> [EXERCISE]
Omit any pictures, and restate word for word only the lines from the one with "2020年湖北省艺术类统考(播音与主持艺术专业)考试大纲" through the end of the data below.

> [PROVIDED MATERIAL]
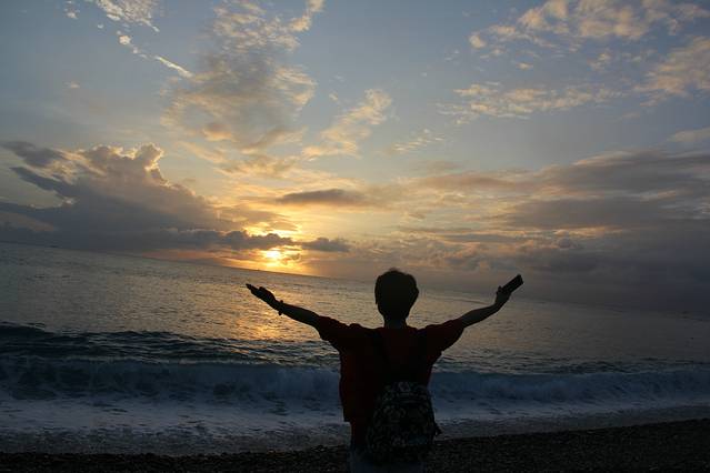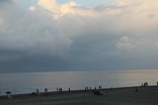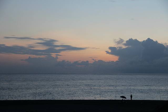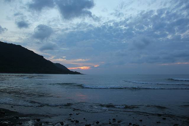 垦丁是一个三面环海的地方,很多地方都可以观赏到绝美的海上的日和日落,我们所在的佳乐水也是一个好地方,况且从民宿出来,过一条马路就是海滩,我当然不能错过这样的好机会。
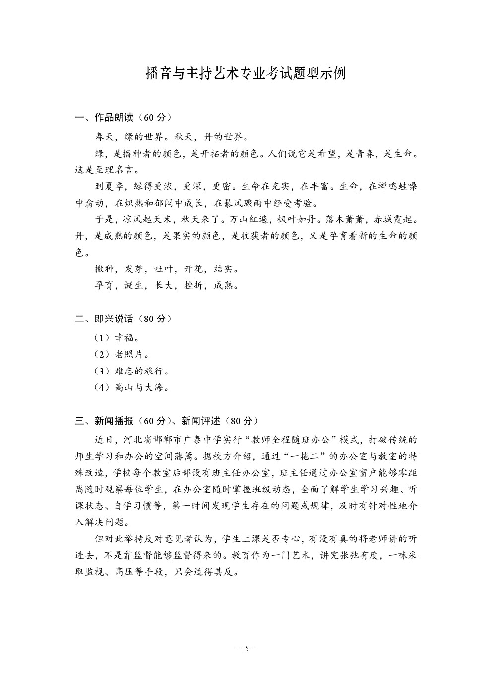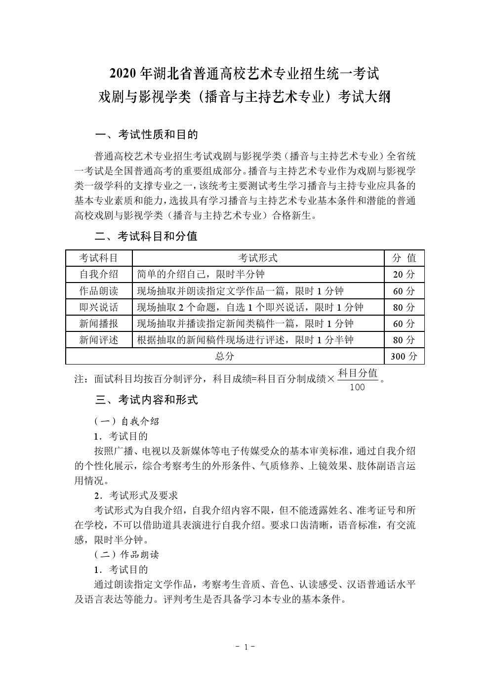 2020年湖北省艺术类统考(播音与主持艺术专业)考试大纲
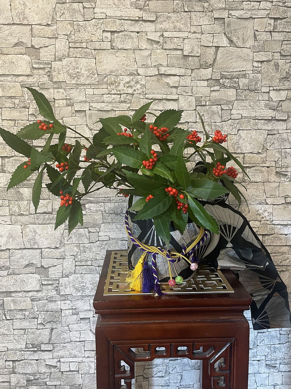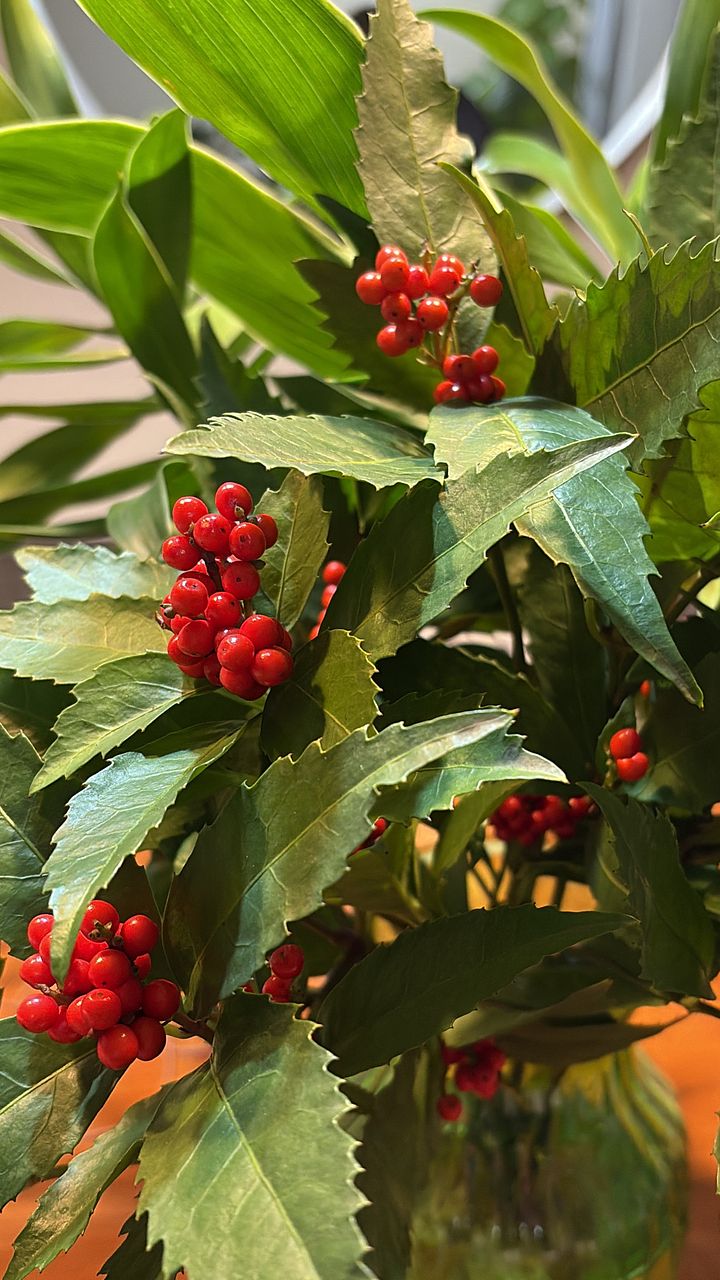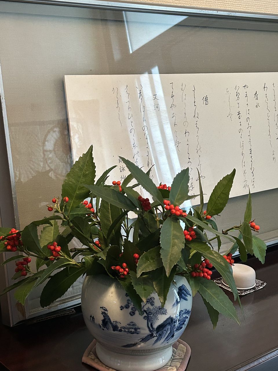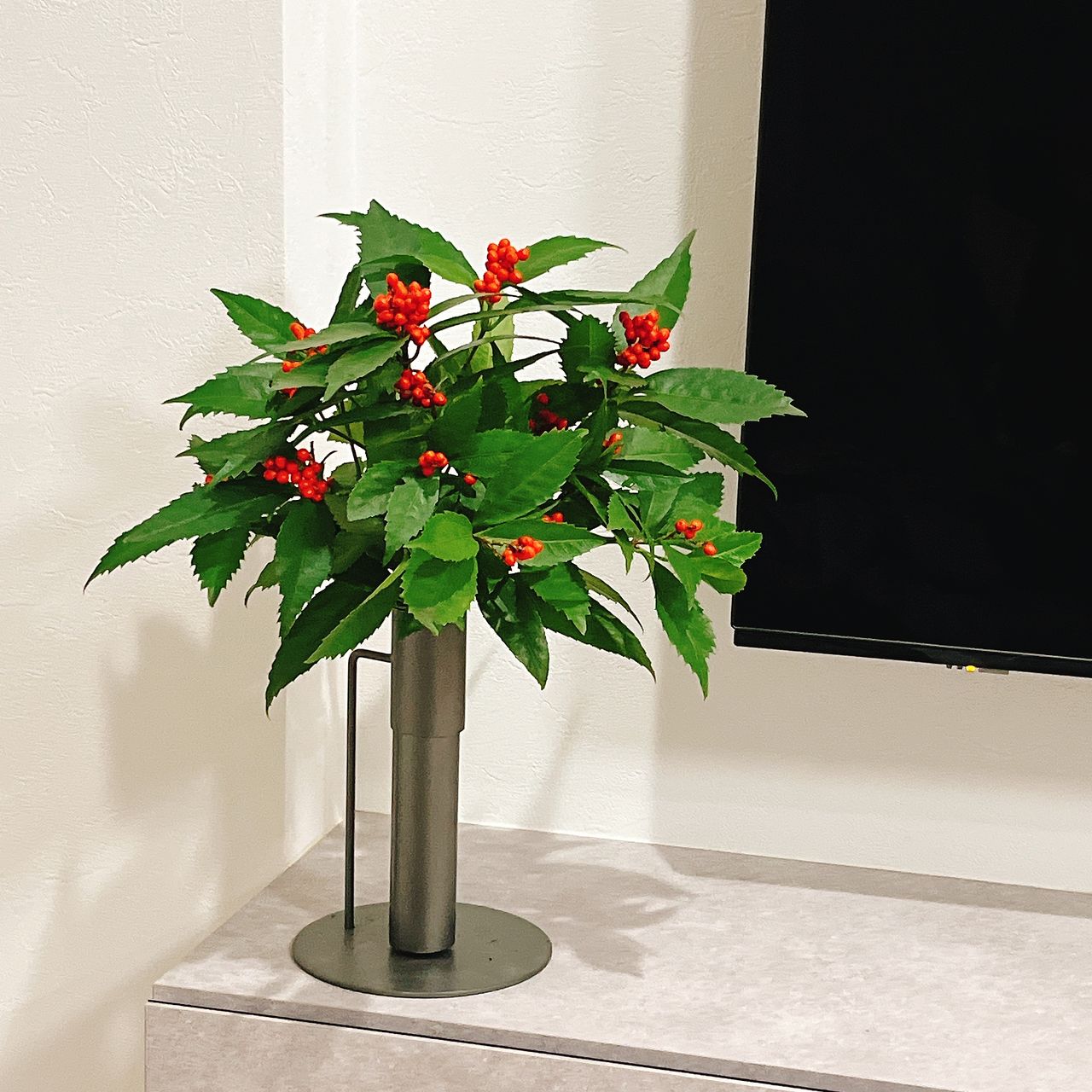 届いた日はクリスマス直前でしたが赤い実がついているので和のお花も素敵だなと思いました。
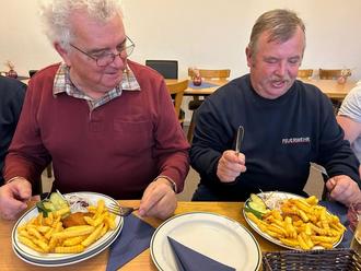 Der indische Gastwirt Sunil hatte für uns Platz im erweiterten Vereinsraum vorbereitet und das war auch enorm wichtig, denn das Lokal war rappelvoll! Und so begaben wir uns auf die Reise in eine fremde Gastronomie, geprägt von scharfen leckeren Suppen über Lammfleisch mit Reis bis zur bruzeligen Hähnchenpfanne. Natürlich kamen auch Traditionalisten mit der Schnitzelbestellung zu ihrem Glück! Selbst beim indischen Bier waren viele doch überrascht, wie gut es schmeckte! Bis zum Lokalschluss wurde geplaudert und diskutiert. Selbst auf die Bekanntgabe eines baldigen Grünbacher Neubürgers konnte an diesem Tag angestoßen werden. Am Ende konnte wieder einmal ein gelungener Abend von Altkameraden und aktiver Abteilung in das "Brigadebuch" eingetragen werden!

> [ANSWER SECTION]
 2020年湖北省艺术类统考(播音与主持艺术专业)考试大纲
 届いた日はクリスマス直前でしたが赤い実がついているので和のお花も素敵だなと思いました。
 Der indische Gastwirt Sunil hatte für uns Platz im erweiterten Vereinsraum vorbereitet und das war auch enorm wichtig, denn das Lokal war rappelvoll! Und so begaben wir uns auf die Reise in eine fremde Gastronomie, geprägt von scharfen leckeren Suppen über Lammfleisch mit Reis bis zur bruzeligen Hähnchenpfanne. Natürlich kamen auch Traditionalisten mit der Schnitzelbestellung zu ihrem Glück! Selbst beim indischen Bier waren viele doch überrascht, wie gut es schmeckte! Bis zum Lokalschluss wurde geplaudert und diskutiert. Selbst auf die Bekanntgabe eines baldigen Grünbacher Neubürgers konnte an diesem Tag angestoßen werden. Am Ende konnte wieder einmal ein gelungener Abend von Altkameraden und aktiver Abteilung in das "Brigadebuch" eingetragen werden!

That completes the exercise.